Problem details. In the data that follows, give the number of lines containing the word "Covid". Offer no additional comment.
--- Dataset entries ---
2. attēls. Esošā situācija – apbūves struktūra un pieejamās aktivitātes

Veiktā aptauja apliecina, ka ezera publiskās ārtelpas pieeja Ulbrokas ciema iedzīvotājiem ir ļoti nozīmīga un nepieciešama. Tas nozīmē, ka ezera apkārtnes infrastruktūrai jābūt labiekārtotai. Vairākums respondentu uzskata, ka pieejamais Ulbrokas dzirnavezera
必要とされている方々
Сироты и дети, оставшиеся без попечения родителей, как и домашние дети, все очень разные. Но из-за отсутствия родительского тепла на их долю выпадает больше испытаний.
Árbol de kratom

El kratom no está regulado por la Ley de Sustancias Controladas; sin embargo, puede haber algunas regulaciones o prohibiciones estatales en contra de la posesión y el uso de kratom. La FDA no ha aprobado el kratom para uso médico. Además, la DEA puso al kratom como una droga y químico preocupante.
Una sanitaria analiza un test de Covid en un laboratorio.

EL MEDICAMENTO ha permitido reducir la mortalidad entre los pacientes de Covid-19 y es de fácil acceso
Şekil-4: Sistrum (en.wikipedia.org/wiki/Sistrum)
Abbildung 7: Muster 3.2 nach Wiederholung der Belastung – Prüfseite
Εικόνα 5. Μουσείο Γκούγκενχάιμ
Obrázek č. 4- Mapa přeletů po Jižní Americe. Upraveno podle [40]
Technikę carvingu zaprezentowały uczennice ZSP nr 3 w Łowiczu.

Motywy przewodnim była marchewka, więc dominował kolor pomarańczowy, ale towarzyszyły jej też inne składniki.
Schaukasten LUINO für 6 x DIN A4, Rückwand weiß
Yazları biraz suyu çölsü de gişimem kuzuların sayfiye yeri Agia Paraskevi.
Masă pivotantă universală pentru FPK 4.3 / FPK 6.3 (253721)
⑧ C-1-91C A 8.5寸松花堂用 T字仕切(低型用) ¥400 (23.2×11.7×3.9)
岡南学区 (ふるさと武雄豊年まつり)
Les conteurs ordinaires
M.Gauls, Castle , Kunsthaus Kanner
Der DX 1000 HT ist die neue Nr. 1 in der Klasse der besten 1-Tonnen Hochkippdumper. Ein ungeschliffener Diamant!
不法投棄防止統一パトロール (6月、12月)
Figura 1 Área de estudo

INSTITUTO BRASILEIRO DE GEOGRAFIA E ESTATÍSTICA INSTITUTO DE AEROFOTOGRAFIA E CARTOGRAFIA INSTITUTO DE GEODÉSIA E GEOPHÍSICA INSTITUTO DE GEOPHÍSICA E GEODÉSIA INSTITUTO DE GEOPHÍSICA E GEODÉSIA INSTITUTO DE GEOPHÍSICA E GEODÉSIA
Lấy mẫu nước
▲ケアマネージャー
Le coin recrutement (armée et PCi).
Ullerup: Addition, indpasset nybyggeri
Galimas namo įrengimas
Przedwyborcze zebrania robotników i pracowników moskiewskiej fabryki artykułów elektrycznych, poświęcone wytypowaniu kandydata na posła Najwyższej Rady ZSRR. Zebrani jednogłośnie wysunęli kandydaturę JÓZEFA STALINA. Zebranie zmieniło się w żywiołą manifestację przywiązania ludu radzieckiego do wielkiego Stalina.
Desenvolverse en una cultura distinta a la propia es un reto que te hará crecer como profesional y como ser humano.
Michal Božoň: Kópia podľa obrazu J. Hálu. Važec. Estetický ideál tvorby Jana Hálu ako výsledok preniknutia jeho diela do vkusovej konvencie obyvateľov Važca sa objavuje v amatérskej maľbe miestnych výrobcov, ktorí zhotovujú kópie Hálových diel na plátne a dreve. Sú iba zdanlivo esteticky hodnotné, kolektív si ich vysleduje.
---
Response area. 2